Sunday traditions…

As often as not, Sunday dinner at my grandparent’s house meant roast beef, mashed potatoes, green beans, and all manner of home cooked food. While I may not have a dozen or more gathered around my table at 5PM on the dot, at least once a month, my house fills with the savory smell of roasting beef as I do my best to keep with tradition. Sure, I’ve made some tweaks to the recipes – I use more garlic than my grandmother would have ever dreamed of, for instance – but the underlying idea is still the same. Sunday dinner is important, if for no other reason than it’s a touchstone with the past.

While we’re on the topic of touching the past, I’d be remiss if I didn’t remind you that this week’s posts from the archive are now available for your reading pleasure. Pulled into the present from the last half of June and July 2008, today’s posts are a bit more pithy than they’ve been in the last few weeks. They feature a few more explanations of some of the more colorful words and phrases that show up in my vocabulary from time to time. Get your dose of the archives soon, because from the look of things, in two months this particular Sunday tradition will be drawing to an end.

A short December…

Yeah in and year out, December regularly has the lowest readership of any month of the year. Everyone is busy and that’s to be expected while they’re attempting to fill the world with their personal version of holiday cheer. I mean, I can’t really expect everyone to drop their Christmas planning just because a new post or two show up on the internet. The logical result is that December became something of a dumping ground around here. Since the numbers weren’t on my side, posts got less frequent, shorter, and weren’t exactly “A” level material in a lot of cases. I like to think more recent Decembers have seen that trend reverse a bit as I try to keep the focus on delivering quality pith every day of the year.

December 2007 was seriously short on posts. It looks like I was only managing to get my act together every three or four days back then… and what did show up was often super short and lacked the snark that I think helps define jeffreytharp.com.

What does that mean to you? Well, instead of dribbling them out over two weeks, I’ve taken the unprecedented step of posting the entire month’s worth of material in one go. With these 10 posts, we can bring 2007 to an end. Next sunday, I hope you’ll join me as we launch headlong into 2008. With only ten months and 14,000 words of archive material left to post, this little project is closer to its end than its beginning. I still think it’s been a worthwhile effort if only to remind me about how ridiculous our own pasts can sound when we have the benefit of hindsight.

Photograph…

In one part of our building there’s a long hall with several dozen historic pictures that appear to be taken sometime between or shortly following the World Wars. I know they’re supposed to instill a sense of pride and speak to an enduring legacy, but that’s not what struck me about them today. Walking past those pictures this morning it suddenly hit me that they all have one thing in common – Those people staring back at us from the other side of archival quality print are all dead, deceased, gone to meet their maker, and singing with the choir invisible.

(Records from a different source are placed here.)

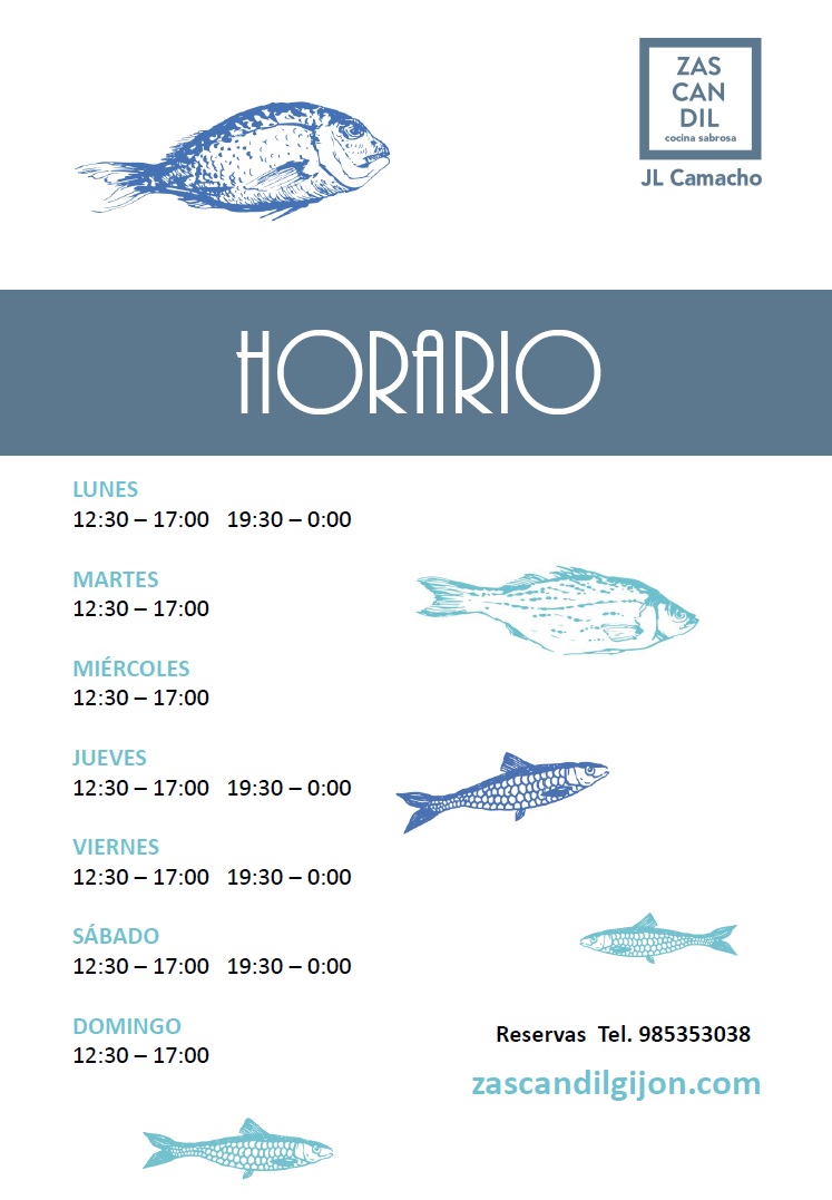 Descansaremos los domingos, martes y miércoles noche, el resto de la semana estaremos al pie del cañón para recibiros en Zascandil, con nuevos productos de temporada pero siempre con la mejor calidad.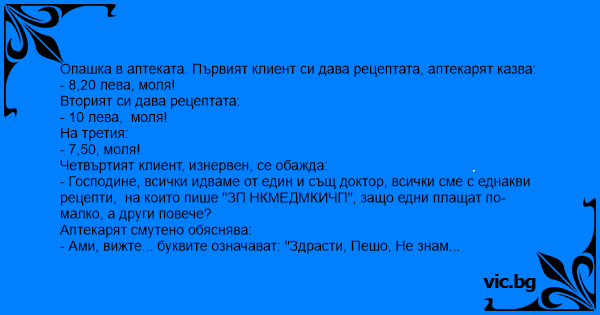 Вицове за аптекари, Вицове за аптека, Вицове за фармацевти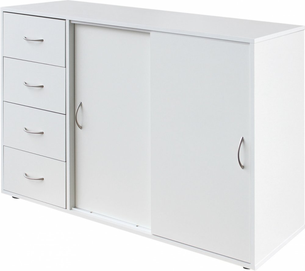 Elegantní komoda je zhotovena z laminované dřevotřísky v bílé barvě.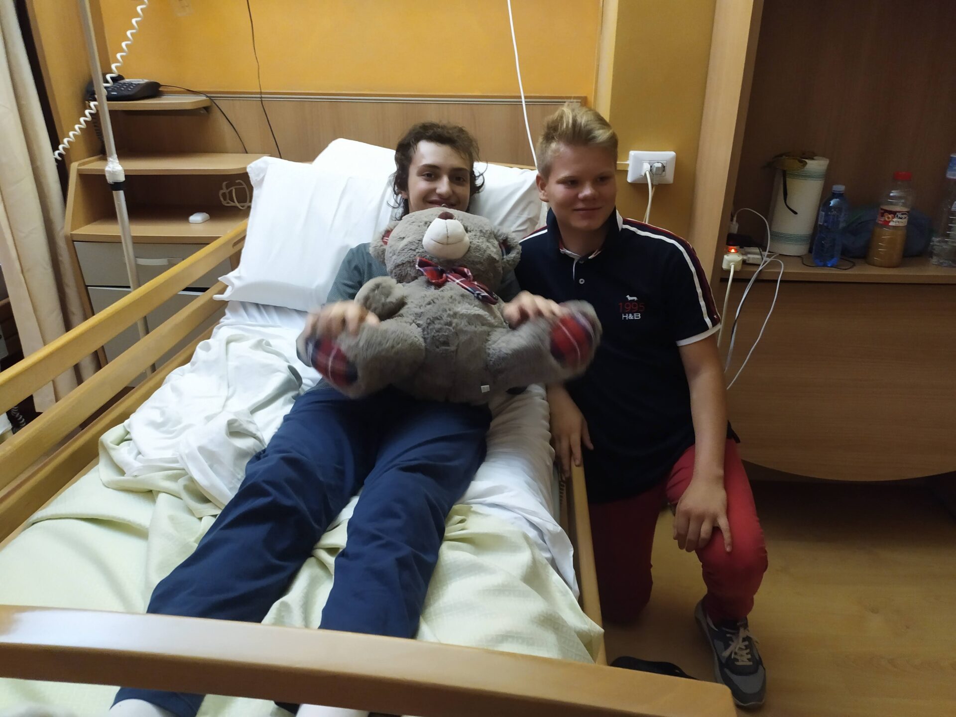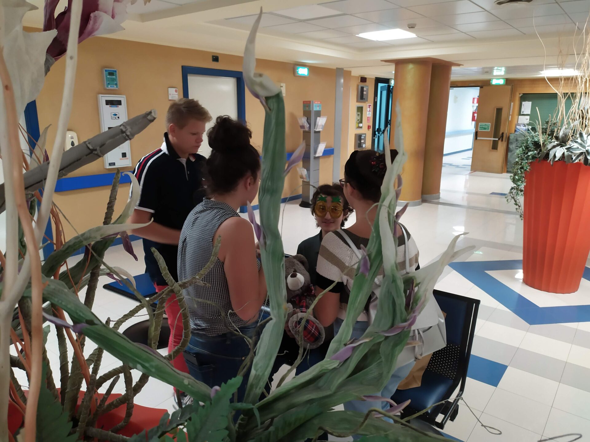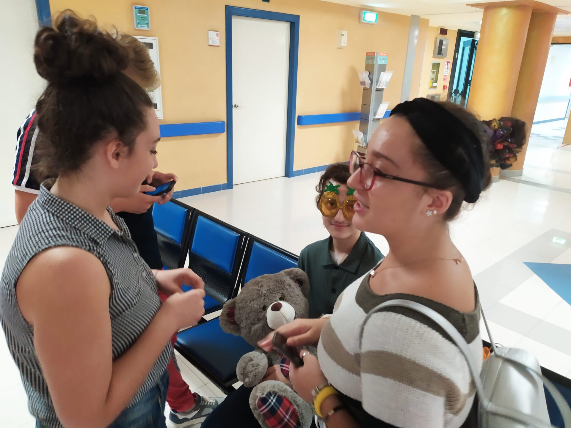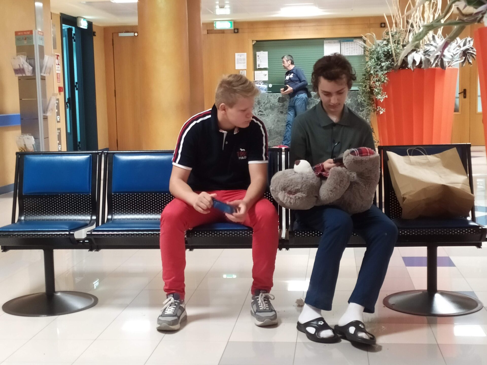 E poi tutti insieme, finalmente Eugenio in piedi con gli amici, a divertirsi nel salone centrale del terzo piano della Neuromed.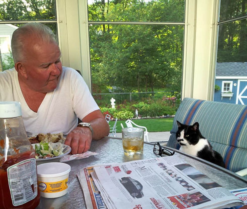 When his granddaughter left for college, the old man and his cat really bonded. "Now they're inseparable and she tries to sit next to him at dinner."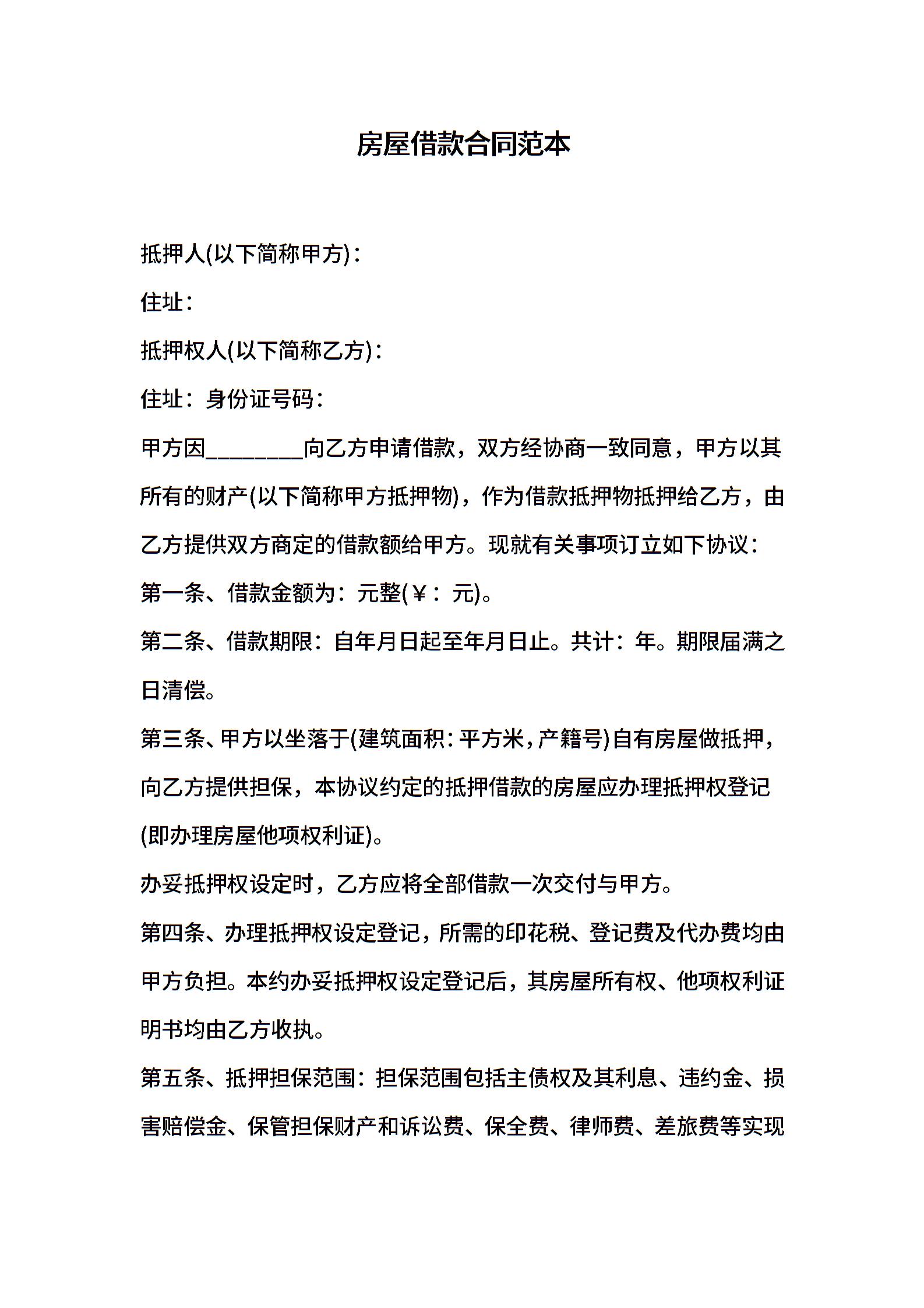 房屋借款合同范本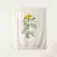 Esta flor silvestre amarilla es dibujada a mano de manera realista y tiene un dibujo de color gris de una mariposa detrás. El tapiz tiene un toque vintage y retro y es perfecto para el hogar de las damas de la planta o de cualquiera que ame las mariposas y las flores. Debajo encontrarás el número romano como año de creación, con el texto francés "Flores salvas y papillones"

I’m sure that every one of them did great and wonderful things or were very important in some way, but I’d be willing to stake real money that not one person in a thousand could tell me who they were or what they did. Maybe that’s morbid, but it’s a pretty stark reminder, just when I needed it, that some future hardworking and dedicated employee isn’t going to have a clue who we were or why our picture is hanging on some wall looking back at them. Sure, everything we’re doing every day seems awfully important, but in 100 years, you’ll be a luck one if someone is even using your picture as an office decoration. I’m not so far gone down the path of fatalism that I’m willing to concede that nothing we do day-to-day really matters, but sometimes it’s healthy to let nameless faces from the past remind us not to take it all so damned seriously. Chalk that up to stupid lessons I wish I’d have learned years ago.